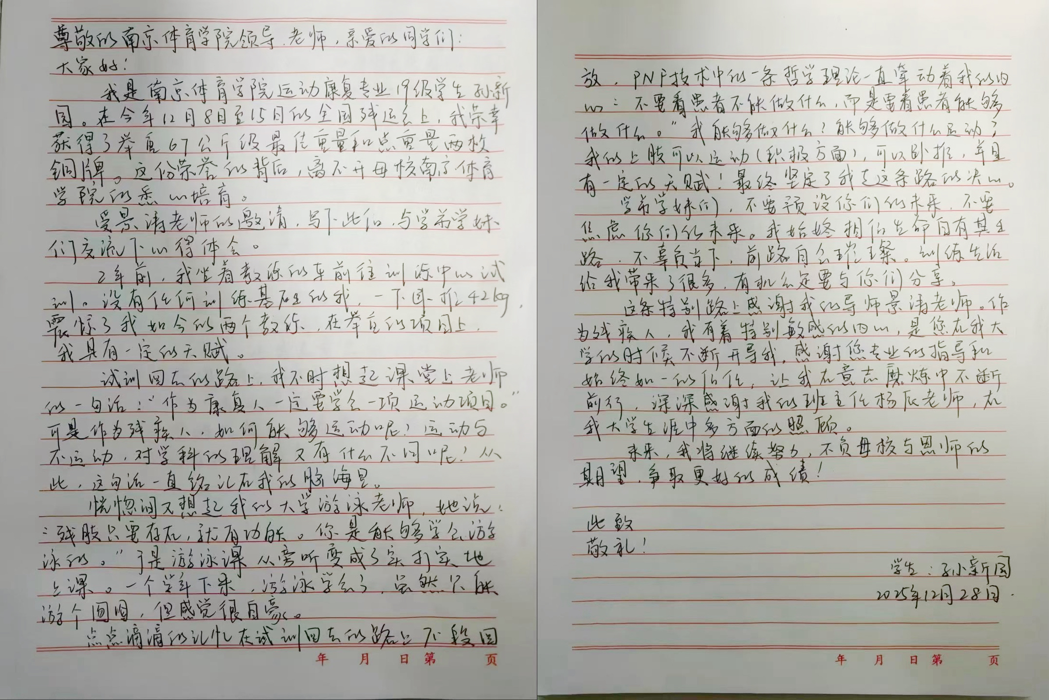 2026年新年第一天,运动健康学院全体学子收到了一份特殊的新年礼物——全国第十二届残疾人运动会暨第九届特殊奥林匹克运动会举重比赛两枚铜牌获得者、我院19级运动康复专业校友孙新园的亲笔来信。信中,她回望从课堂到赛场、从学子到运动员的蜕变征程,用奋斗故事送上新年祝福,更以亲身经历为学弟学妹们注入逐梦力量。
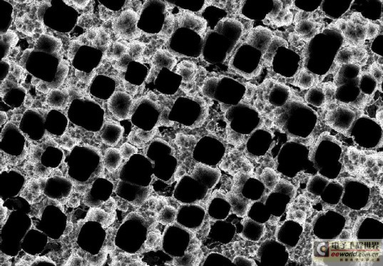 研究人員稱納米多孔硅的制備比硅納米線更簡單。微孔尺寸約1微米寬,10至50微米長,在硅晶片兩端形成正電荷和負(fù)電荷,然后再浸入氫氟酸溶劑中,氟離子攻擊一端的硅形成孔洞。該制備過程簡單,且生產(chǎn)適應(yīng)能力強(qiáng)。目前這種電池壽命為200-250次,比納米線電池更長。因此納米多孔硅材料有潛力顯著提高鋰離子電池的存儲容量,未來可廣泛應(yīng)用于商業(yè)、軍事和航空航天領(lǐng)域。
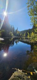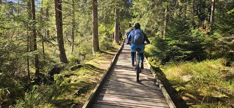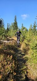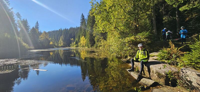 Gestartet wurde bereits bei Sonnenschein in Besenfeld. Nach einer kurzen Einrollphase ging es gleich auf den ersten Trail, der uns zum verwunschenen Poppelsee führte. Die Trails waren leicht feucht, aber bestens zu fahren.
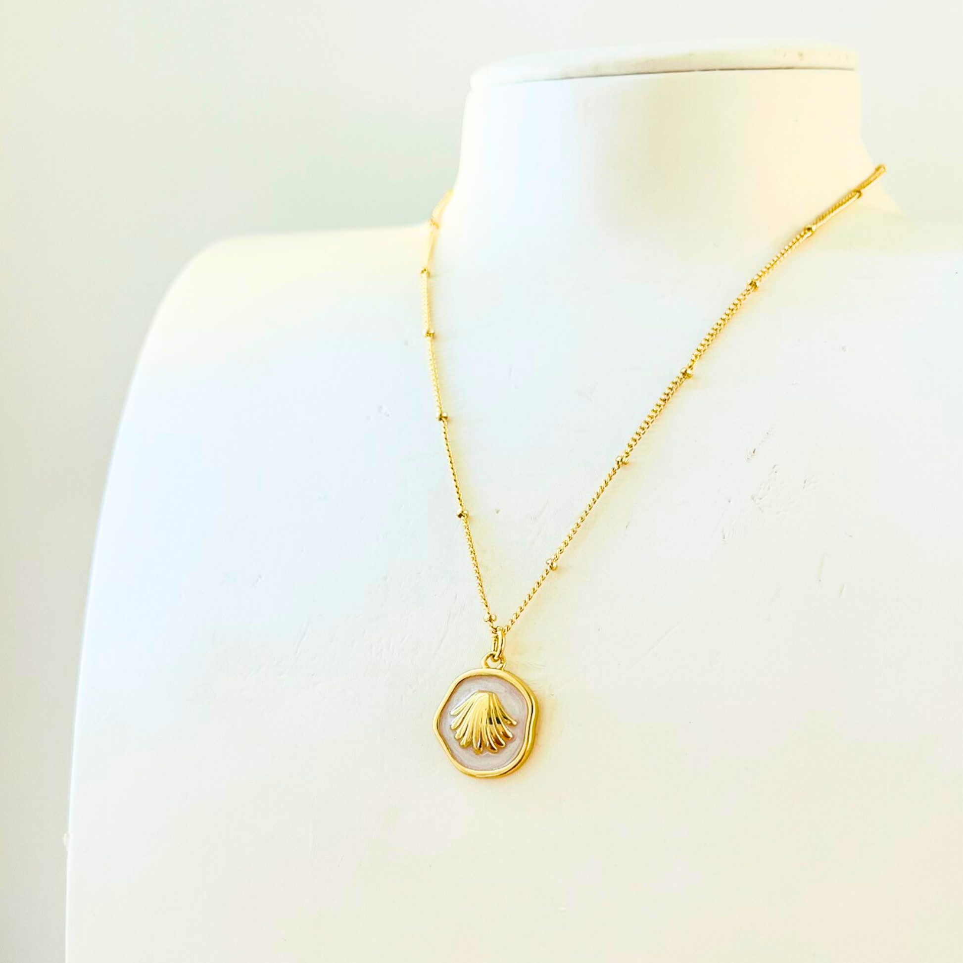 - Material: Shell charm with enamel details, 14K gold plated chain with protective coating
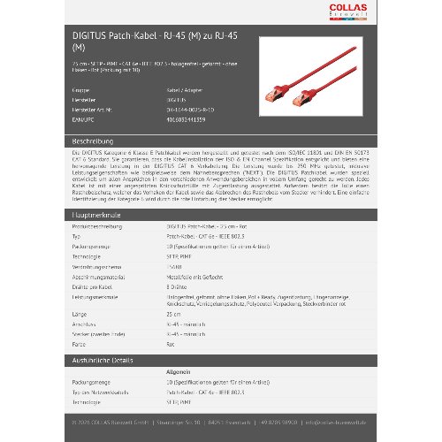 - Die DIGITUS® Kategorie 6 Klasse E Patchkabel werden hergestellt und getestet nach dem ISO/IEC 11801 und DIN EN 50173 CAT 6 Standard. Sie garantieren, dass die Kabelinstallation der ISO & EN Channel Spezifikation entspricht und bieten eine hervorragende Leistung in der DIGITUS® CAT 6 Verkabelung. Die Leistung wurde bis 250 MHz getestet, inklusive Leistungseigenschaften wie beispielsweise dem Nahnebensprechen (NEXT). Die DIGITUS® Patchkabel wurden speziell entwickelt um allen Ansprüchen in den verschiedenen Anwendungsbereichen in vollem Umfang gerecht zu werden. Jedes Kabel ist mit einer angespritzten Knickschutztülle mit Zugentlastung ausgestattet. Außerdem besitzt die Tülle einen Rasthebelschutz, welcher das Verhaken der Kabel sowie das Abbrechen des Rasthebels vom Stecker verhindert. Eine einfache Identifizierung der Kategorie 6 wird durch die rote Einfärbung der Stecker ermöglicht.
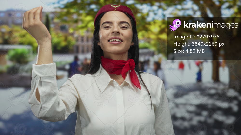 Young woman flight attendant in uniform smiling while gesturing in an outdoor street setting with trees and blurred people in the background during daytime. - Kraken Images
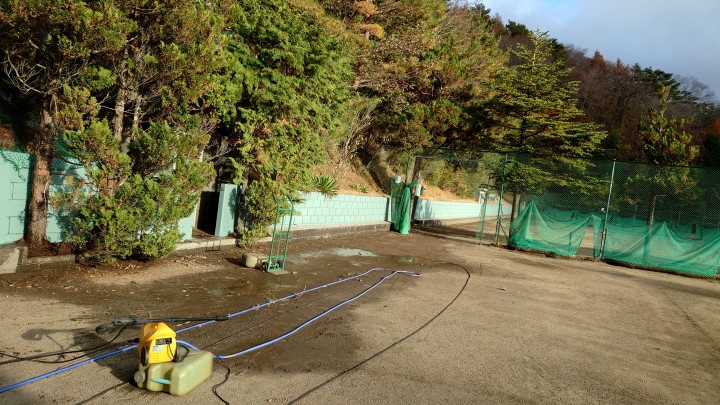 今日はテニスコートの壁下側に2回目の塗装しました。かなり色が濃くなりましたね。この後は冬支度もあるので、時間と天候を見ながら残りの部分を塗装したいと思います。

----

Repeat the material above exactly. Leave every picture out of it.

**WRITTEN SOLUTION**:
 2026年新年第一天,运动健康学院全体学子收到了一份特殊的新年礼物——全国第十二届残疾人运动会暨第九届特殊奥林匹克运动会举重比赛两枚铜牌获得者、我院19级运动康复专业校友孙新园的亲笔来信。信中,她回望从课堂到赛场、从学子到运动员的蜕变征程,用奋斗故事送上新年祝福,更以亲身经历为学弟学妹们注入逐梦力量。
 研究人員稱納米多孔硅的制備比硅納米線更簡單。微孔尺寸約1微米寬,10至50微米長,在硅晶片兩端形成正電荷和負(fù)電荷,然后再浸入氫氟酸溶劑中,氟離子攻擊一端的硅形成孔洞。該制備過程簡單,且生產(chǎn)適應(yīng)能力強(qiáng)。目前這種電池壽命為200-250次,比納米線電池更長。因此納米多孔硅材料有潛力顯著提高鋰離子電池的存儲容量,未來可廣泛應(yīng)用于商業(yè)、軍事和航空航天領(lǐng)域。
 Gestartet wurde bereits bei Sonnenschein in Besenfeld. Nach einer kurzen Einrollphase ging es gleich auf den ersten Trail, der uns zum verwunschenen Poppelsee führte. Die Trails waren leicht feucht, aber bestens zu fahren.
 - Material: Shell charm with enamel details, 14K gold plated chain with protective coating
 - Die DIGITUS® Kategorie 6 Klasse E Patchkabel werden hergestellt und getestet nach dem ISO/IEC 11801 und DIN EN 50173 CAT 6 Standard. Sie garantieren, dass die Kabelinstallation der ISO & EN Channel Spezifikation entspricht und bieten eine hervorragende Leistung in der DIGITUS® CAT 6 Verkabelung. Die Leistung wurde bis 250 MHz getestet, inklusive Leistungseigenschaften wie beispielsweise dem Nahnebensprechen (NEXT). Die DIGITUS® Patchkabel wurden speziell entwickelt um allen Ansprüchen in den verschiedenen Anwendungsbereichen in vollem Umfang gerecht zu werden. Jedes Kabel ist mit einer angespritzten Knickschutztülle mit Zugentlastung ausgestattet. Außerdem besitzt die Tülle einen Rasthebelschutz, welcher das Verhaken der Kabel sowie das Abbrechen des Rasthebels vom Stecker verhindert. Eine einfache Identifizierung der Kategorie 6 wird durch die rote Einfärbung der Stecker ermöglicht.
 Young woman flight attendant in uniform smiling while gesturing in an outdoor street setting with trees and blurred people in the background during daytime. - Kraken Images
 今日はテニスコートの壁下側に2回目の塗装しました。かなり色が濃くなりましたね。この後は冬支度もあるので、時間と天候を見ながら残りの部分を塗装したいと思います。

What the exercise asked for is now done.